It’s seemed a long time since I’ve spent time with Mr FD…the last couple of weeks I have had a stinky cold, and with it has come a persistant cough, so I have been sleeping in the spare room to avoid disturbing him. The last couple of weekends we’ve been doing our own things – last Saturday I was closeted up writing my sermon, and then Sunday morning I delivered it. In the afternoon Mr FD was watching football, I was ironing. The weekend before I was out on Sunday at a Church Away Day…the evenings are rather slumped-in-front-of-the-TV, and I’m back late on Wednesdays. We’ve not really talked.
Well, today Mr FD is leaving from Lyon to go to the UK for a few days, to see his sister from Canada and cousins from Germany. He had a ticket for a concert in Lyon yesterday evening, so we decided to drive over to The Big City, to have lunch & go to the cinema before he went to his concert and then went on to a hotel ready to catch his early morning flight. So, yesterday, we drove over the mountains, rather than take the motorway, and the views were lovely – but more lovely was the fact that we hardly stopped talking to each other the whole time – about our work, about projects, about possible moves (very only possible), about cats, about nothing consequential…
We went to the retaurant that we’d planned to go to with my mum back in May – it had been booked up on the Saturday evening, and we took a chance on it not being so busy at lunchtime, so we didn’t book. Hah! It was heaving, and the waiter who met us, was “Desolé, we only have seats at the counter…” Well, that was okay, we thought, and accepted.
In fact it was more than okay, it was fascinating, as the counter looked on to the kitchen, so we could see everything that was going on. Just like this:
We were looking on to the dessert station, and it was really interesting watching the commis chef prepping stuff before her station got really busy, and then how she and the sous-chef worked as they became busier as people finished their main courses and reached the dessert course. We noticed how many of the desserts had been created to be easy to put onto the plate with only a little final preparation – warming through, for example – and how much prepping had been done earlier. They were very organised, very tidy, and worked around each other almost as a choreographed dance. We could also see the rest of the kitchen, and how the head chef gave orders through a microphone. It was interesting to watch the commis- and sous-chefs almost stand to attention, “Oui!” they barked back, and then hurried on with their tasks. I think there might have been an English chef amongst them as we also heard a “Yes, chef!” from time to time. As it neared the end of service, we suspect that the microphoned commands became more encouraging, as the “Oui”s became more celebratory…
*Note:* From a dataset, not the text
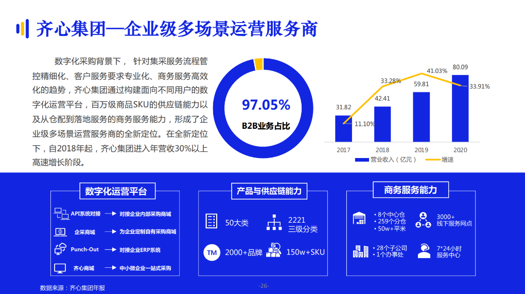 “十四五”規(guī)劃提出了“加快數(shù)字化發(fā)展,建設(shè)數(shù)字中國(guó)”的發(fā)展目標(biāo),如今電商化、云端化、智慧化、大數(shù)據(jù)化已成為中國(guó)企業(yè)數(shù)字化采購(gòu)的變革方向。企業(yè)采購(gòu)數(shù)字化轉(zhuǎn)型離不開(kāi)外部平臺(tái)的協(xié)助,面對(duì)企業(yè)更多場(chǎng)景、更個(gè)性化、更深層次的采購(gòu)服務(wù)需求,采購(gòu)平臺(tái)提供一體化、定制化企業(yè)采購(gòu)解決方案的趨勢(shì)逐步加深,如齊心集團(tuán)等具備綜合服務(wù)能力的服務(wù)商將迎來(lái)重要的發(fā)展機(jī)遇。隨著采購(gòu)服務(wù)商對(duì)企業(yè)需求場(chǎng)景的不斷開(kāi)發(fā),數(shù)字化采購(gòu)將會(huì)刺激企業(yè)“消費(fèi)”擴(kuò)容,這對(duì)當(dāng)前社會(huì)及國(guó)民經(jīng)濟(jì)增長(zhǎng)有極大的推動(dòng)作用。
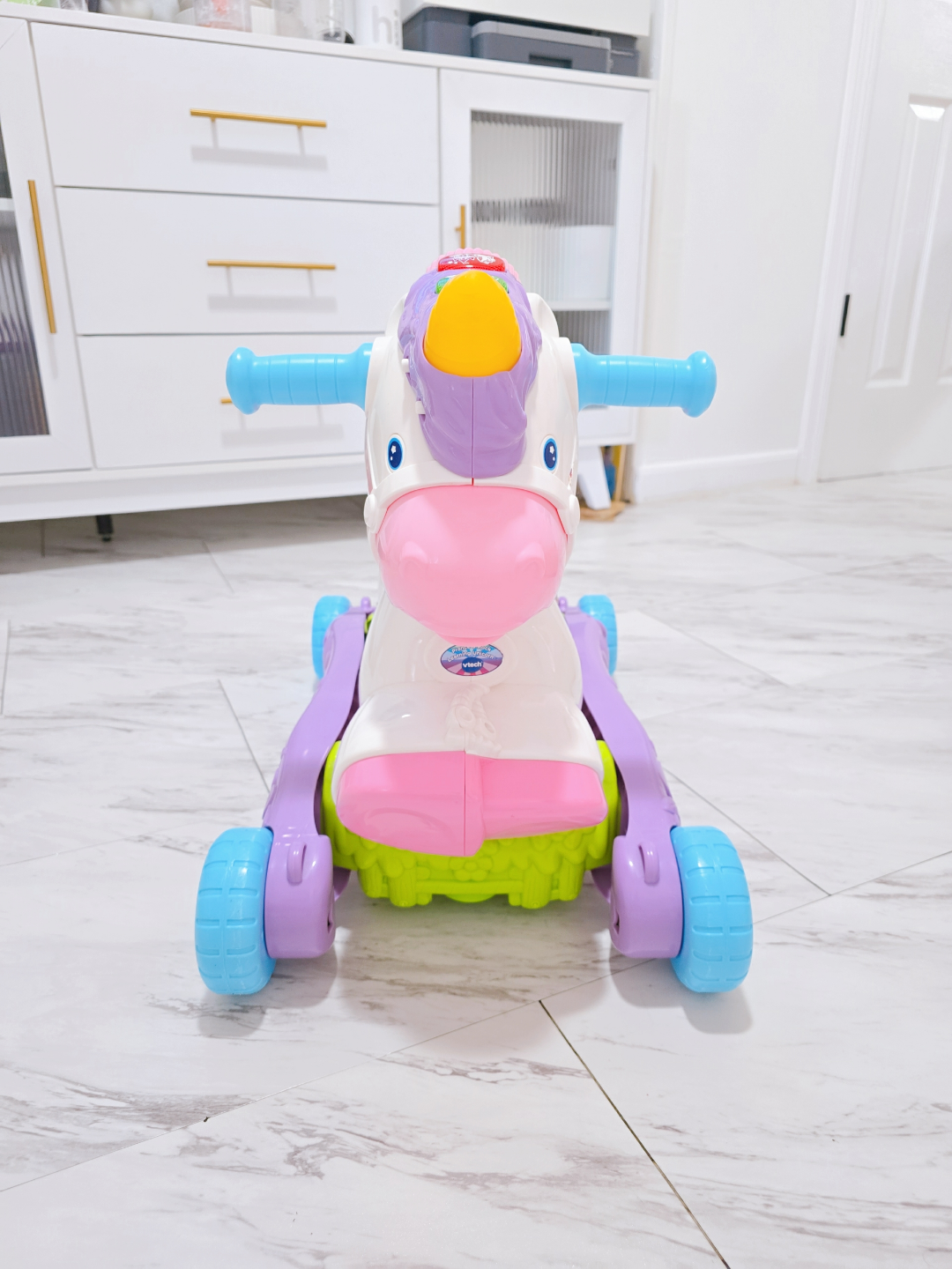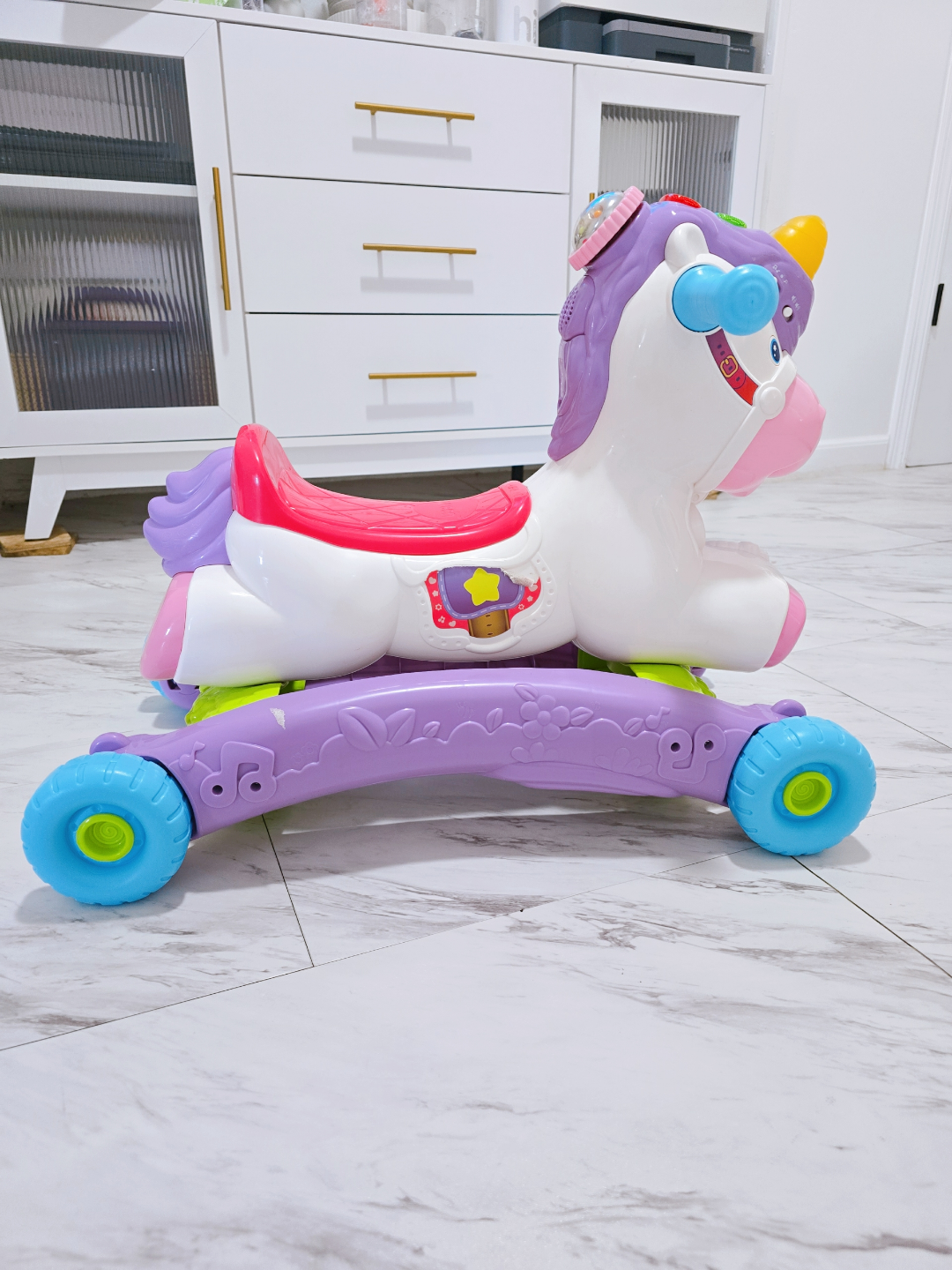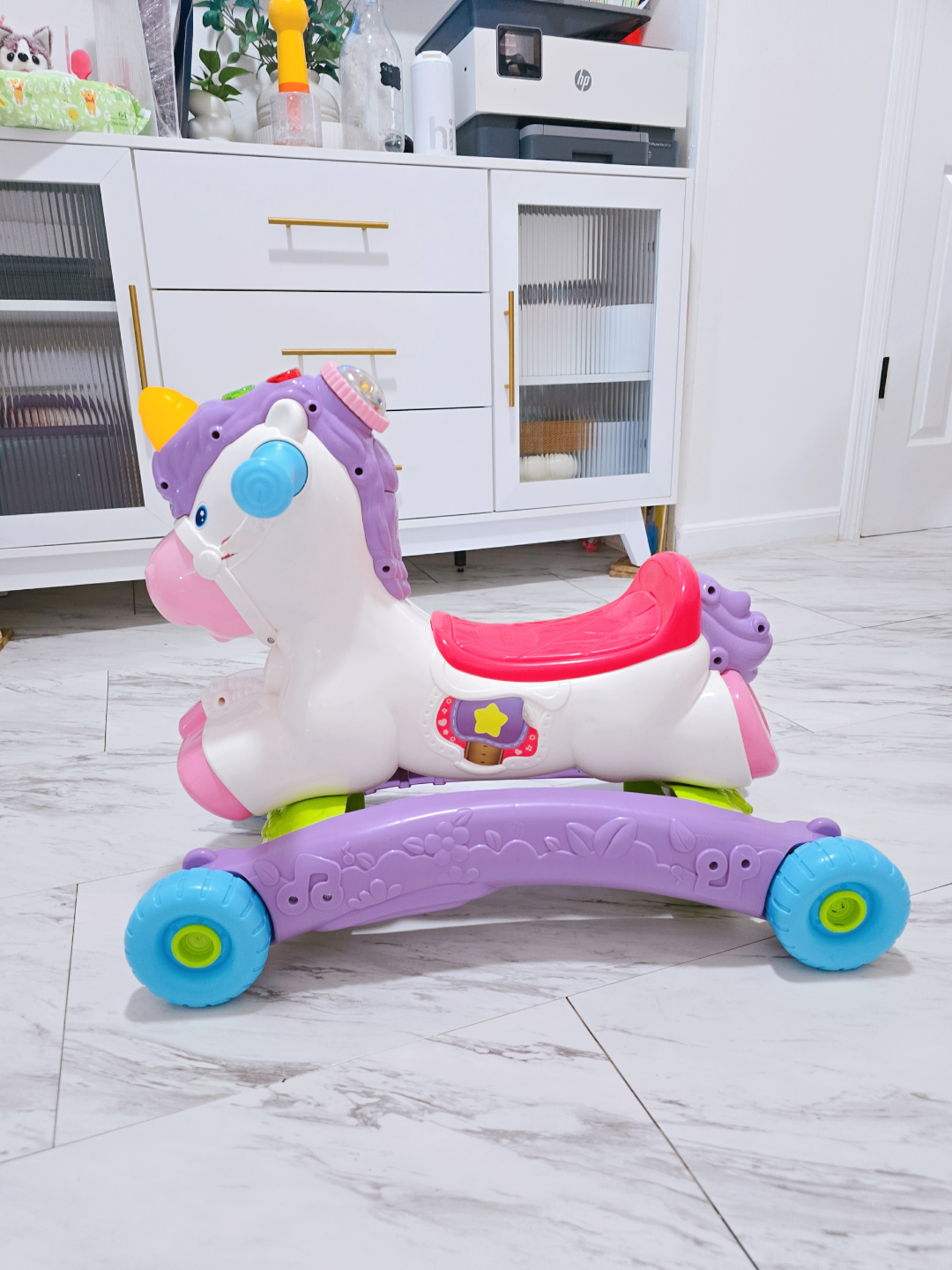 Adorable unicorn ride-on toy. Features lights and sounds. Great for toddlers. Gently used.

We imagined “Last starter going out now!” “Oui!”
“Last few chickens!” “Oui!”
“Nearly finished, lads!” “Oui!”
We ate from the Menu du Jour: Soupe de Potimarron aux chataignes (we’re not sure but we think it was butternut squash), rotisserie chicken with forestière potatoes (sautéed with lumps of bacon and mushrooms), and then pain perdue (eggy bread) made with brioche, crème anglaise and vanilla ice cream. We had a pot of white wine and it was delicious! OK, it wasn’t cheap, but it wasn’t extortionate, and it was a definitely very enjoyable experience.
After we took the trolley bus into the centre of the city to the cinema, where we went to see “Before I Go to Sleep” with Nicole Kidman, Colin Firth and Mark Strong. Here’s a synopsis from The Daily Telegraph:
Based on the international best-selling novel by SJ Watson, Before I Go to Sleep is a tense psychological thriller starring Academy Award-winner Nicole Kidman, Academy Award-winner Colin Firth and Mark Strong .
After a traumatic accident, Christine Lucas wakes up every day without being able to remember the day before. With the fear of living each day with no memory, she attempts to piece together the events of her past, uncovering terrifying truths that force her to question everyone around her, not knowing where to turn or who to trust… her husband, her doctor or even herself.
I really enjoyed it – here is Mark Kermode’s review in The Observer I hadn’t read the book, so had no idea what the twists and turns would be, and found it a darkly enjoyable film. I would recommend it as a film to see. And anything with Colin Firth in is worth watching in my opinion.
Because he’s such a good actor, of course! (Well, there’s that as well!!)